[What you are asked to do] Leave the images out and repeat the data exactly as given.

[Available data]
⟨

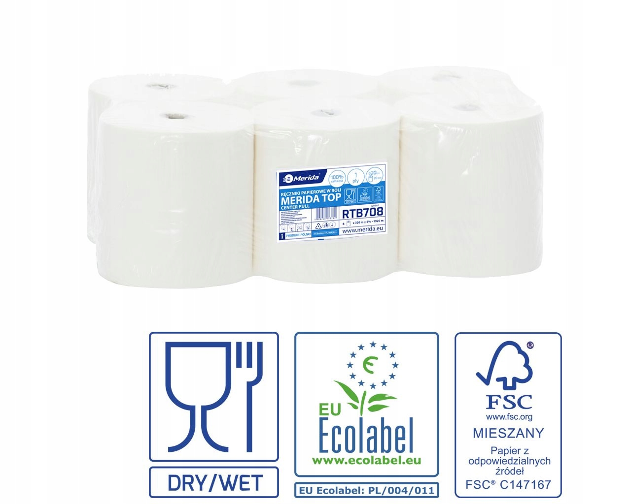 Паперові рушники як верхній ценрум Merida Centrum витягує максі, білий, діаметр 20 см, довжина 320 м, одношарові, шкала 6 валиків, еколабел
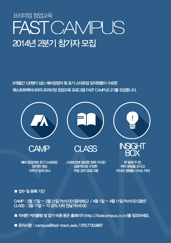 ÆÐ½ºÆ®Ä·ÆÛ½º(FAST CAMPUS)´Â 10ÁÖ°£ °ÀÇ¿Í 1:1¸®ºä, ³×Æ®¿öÅ· ÆÄƼ µîÀÇ ¼ºñ½ºµéÀÌ ¹ÐÂø Á¦°øµÇ´Â CAMP, ÁÖ¸» ¿ÀÀü°ú ¿ÀÈĸ¦ ÀÌ¿ëÇØ °ü½É ÀÖ´Â Á÷¹« °úÁ¤ÀÇ °ÀǸ¸ °ñ¶ó µè´Â CLASS, ÀλçÀÌÆ® °¡µæÇÑ ¿©·¯ ºÐ¾ßÀÇ ¿¬»çµéÀ» ÃÊÃ»ÇØ ÇÑ ´Þ¿¡ µÎ ¹ø ´Ù¾çÇÑ À̾߱⸦ µè´Â INSIGHT BOX·Î ÀÌ·ç¾îÁ® ÀÖ½À´Ï´Ù.
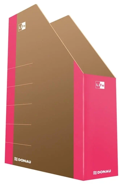 Pojemnik na dokumenty A4 marki Donau to praktyczne i estetyczne rozwiązanie do przechowywania i organizacji papierów oraz dokumentów. Różowa obudowa nadaje unikalnego, wyrazistego wyglądu, będąc doskonałym dodatkiem do każdego biura czy miejsca pracy. Wytrzymała konstrukcja Pojemnik został wykonany z grubości 1,2 mm tektury, co zapewnia trwałość i solidność. Szerokość grzbietu wynosi 80 mm, co umożliwia przechowywanie aż do 800 kartek papieru o gramaturze 80gsm. Ściana grzbietowa Ściana grzbietowa pojemnika została dostosowana do umieszczania opisu, co ułatwia identyfikację zgromadzonych dokumentów. Prosty montaż Składany design pojemnika sprawia, że jest on bardzo łatwy w montażu, nie wymagając złożonych instrukcji. Certyfikat FSC® Znak FSC® gwarantuje, że surowiec użyty do produkcji pojemnika pochodzi z lasów zarządzanych w sposób odpowiedzialny i zgodny z najwyższymi światowymi standardami ochrony przyrody. Symbol ten potwierdza również legalność pochodzenia surowca. Gramatura i kolor Pojemnik charakteryzuje się gramaturą 800g/m2 oraz różowym kolorem, który doda oryginalności każdej przestrzeni pracy. Z kolei pojemnik na dokumenty A4 firmy Donau to praktyczne i stylowe rozwiązanie do przechowywania i porządkowania papierów. Dzięki różowym akcentom będzie doskonale komponować się z wnętrzem biura czy domowej przestrzeni pracy.EAN: 5901503612002

⟩

[Exercise response]
 Паперові рушники як верхній ценрум Merida Centrum витягує максі, білий, діаметр 20 см, довжина 320 м, одношарові, шкала 6 валиків, еколабел
 ÆÐ½ºÆ®Ä·ÆÛ½º(FAST CAMPUS)´Â 10ÁÖ°£ °ÀÇ¿Í 1:1¸®ºä, ³×Æ®¿öÅ· ÆÄƼ µîÀÇ ¼ºñ½ºµéÀÌ ¹ÐÂø Á¦°øµÇ´Â CAMP, ÁÖ¸» ¿ÀÀü°ú ¿ÀÈĸ¦ ÀÌ¿ëÇØ °ü½É ÀÖ´Â Á÷¹« °úÁ¤ÀÇ °ÀǸ¸ °ñ¶ó µè´Â CLASS, ÀλçÀÌÆ® °¡µæÇÑ ¿©·¯ ºÐ¾ßÀÇ ¿¬»çµéÀ» ÃÊÃ»ÇØ ÇÑ ´Þ¿¡ µÎ ¹ø ´Ù¾çÇÑ À̾߱⸦ µè´Â INSIGHT BOX·Î ÀÌ·ç¾îÁ® ÀÖ½À´Ï´Ù.
 Pojemnik na dokumenty A4 marki Donau to praktyczne i estetyczne rozwiązanie do przechowywania i organizacji papierów oraz dokumentów. Różowa obudowa nadaje unikalnego, wyrazistego wyglądu, będąc doskonałym dodatkiem do każdego biura czy miejsca pracy. Wytrzymała konstrukcja Pojemnik został wykonany z grubości 1,2 mm tektury, co zapewnia trwałość i solidność. Szerokość grzbietu wynosi 80 mm, co umożliwia przechowywanie aż do 800 kartek papieru o gramaturze 80gsm. Ściana grzbietowa Ściana grzbietowa pojemnika została dostosowana do umieszczania opisu, co ułatwia identyfikację zgromadzonych dokumentów. Prosty montaż Składany design pojemnika sprawia, że jest on bardzo łatwy w montażu, nie wymagając złożonych instrukcji. Certyfikat FSC® Znak FSC® gwarantuje, że surowiec użyty do produkcji pojemnika pochodzi z lasów zarządzanych w sposób odpowiedzialny i zgodny z najwyższymi światowymi standardami ochrony przyrody. Symbol ten potwierdza również legalność pochodzenia surowca. Gramatura i kolor Pojemnik charakteryzuje się gramaturą 800g/m2 oraz różowym kolorem, który doda oryginalności każdej przestrzeni pracy. Z kolei pojemnik na dokumenty A4 firmy Donau to praktyczne i stylowe rozwiązanie do przechowywania i porządkowania papierów. Dzięki różowym akcentom będzie doskonale komponować się z wnętrzem biura czy domowej przestrzeni pracy.EAN: 5901503612002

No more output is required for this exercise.